• WORK INSTRUCTION:
In the material below, find the line with "第一种方法:将尾部最外面两个" and the line with "kpc),蓝色代表远距离尘埃(2 kpc 至最大可靠距离)。颜色反映了不同距离区间内消光大小(以对数尺度)。", then output those two lines and every line between them, exactly.

• EXERCISE MATERIALS:
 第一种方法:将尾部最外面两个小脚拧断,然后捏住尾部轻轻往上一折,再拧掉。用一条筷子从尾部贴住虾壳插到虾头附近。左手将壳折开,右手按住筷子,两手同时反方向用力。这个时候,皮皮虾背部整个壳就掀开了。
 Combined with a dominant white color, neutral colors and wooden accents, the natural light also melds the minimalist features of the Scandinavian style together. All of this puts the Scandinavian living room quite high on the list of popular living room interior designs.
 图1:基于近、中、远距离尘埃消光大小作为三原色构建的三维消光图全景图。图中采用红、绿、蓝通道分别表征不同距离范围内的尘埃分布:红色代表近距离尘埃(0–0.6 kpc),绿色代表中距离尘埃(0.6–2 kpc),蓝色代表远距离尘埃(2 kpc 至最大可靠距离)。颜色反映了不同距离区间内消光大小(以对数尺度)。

...

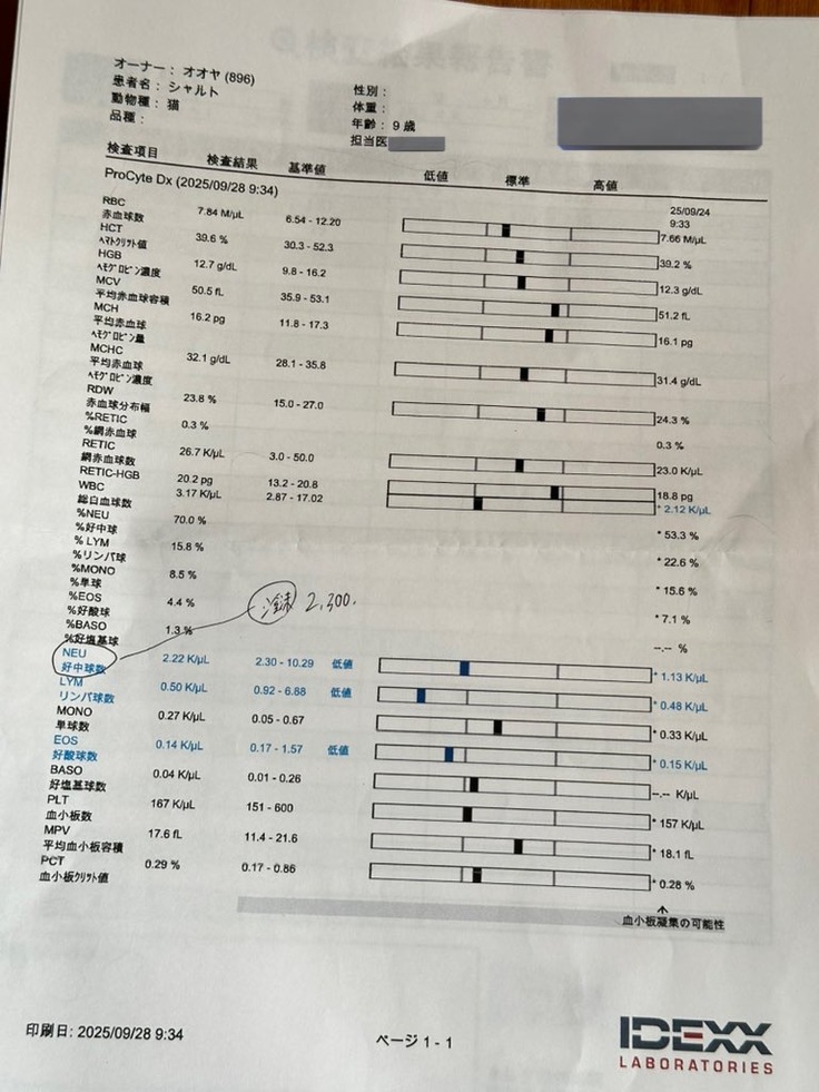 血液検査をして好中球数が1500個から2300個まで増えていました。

---

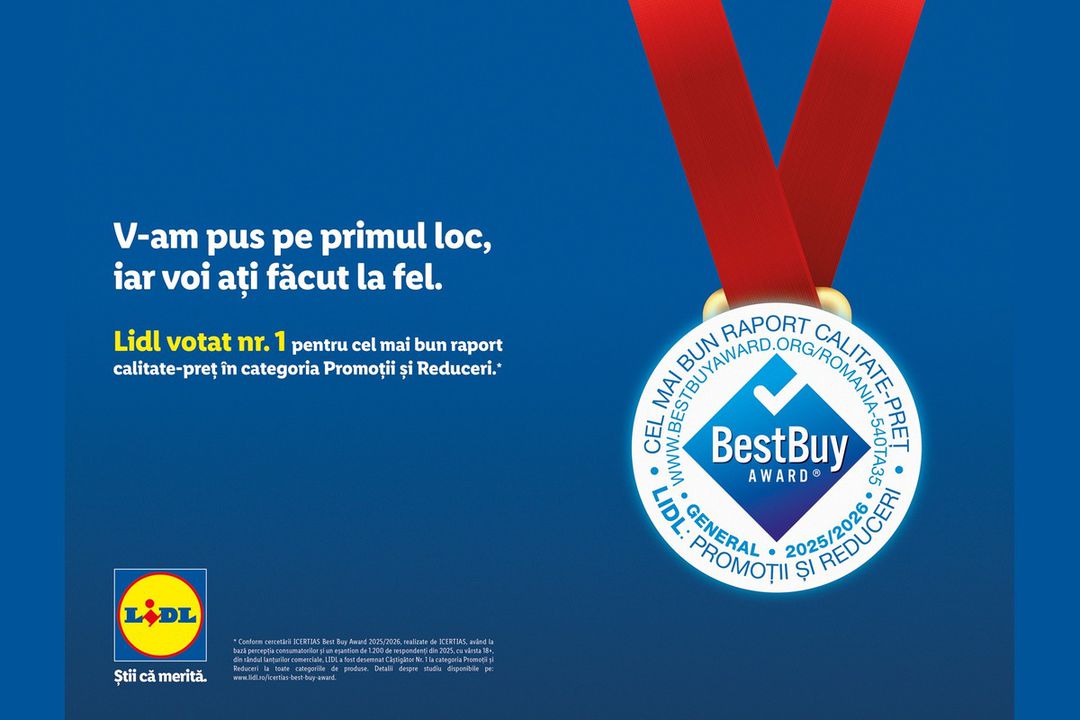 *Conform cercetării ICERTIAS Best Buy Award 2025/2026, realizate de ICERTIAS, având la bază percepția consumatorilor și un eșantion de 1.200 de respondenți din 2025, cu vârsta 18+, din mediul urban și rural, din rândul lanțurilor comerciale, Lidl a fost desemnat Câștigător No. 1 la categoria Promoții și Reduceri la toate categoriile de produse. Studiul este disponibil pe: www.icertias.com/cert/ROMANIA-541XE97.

• ANSWER TO THE PROBLEM:
 第一种方法:将尾部最外面两个小脚拧断,然后捏住尾部轻轻往上一折,再拧掉。用一条筷子从尾部贴住虾壳插到虾头附近。左手将壳折开,右手按住筷子,两手同时反方向用力。这个时候,皮皮虾背部整个壳就掀开了。
 Combined with a dominant white color, neutral colors and wooden accents, the natural light also melds the minimalist features of the Scandinavian style together. All of this puts the Scandinavian living room quite high on the list of popular living room interior designs.
 图1:基于近、中、远距离尘埃消光大小作为三原色构建的三维消光图全景图。图中采用红、绿、蓝通道分别表征不同距离范围内的尘埃分布:红色代表近距离尘埃(0–0.6 kpc),绿色代表中距离尘埃(0.6–2 kpc),蓝色代表远距离尘埃(2 kpc 至最大可靠距离)。颜色反映了不同距离区间内消光大小(以对数尺度)。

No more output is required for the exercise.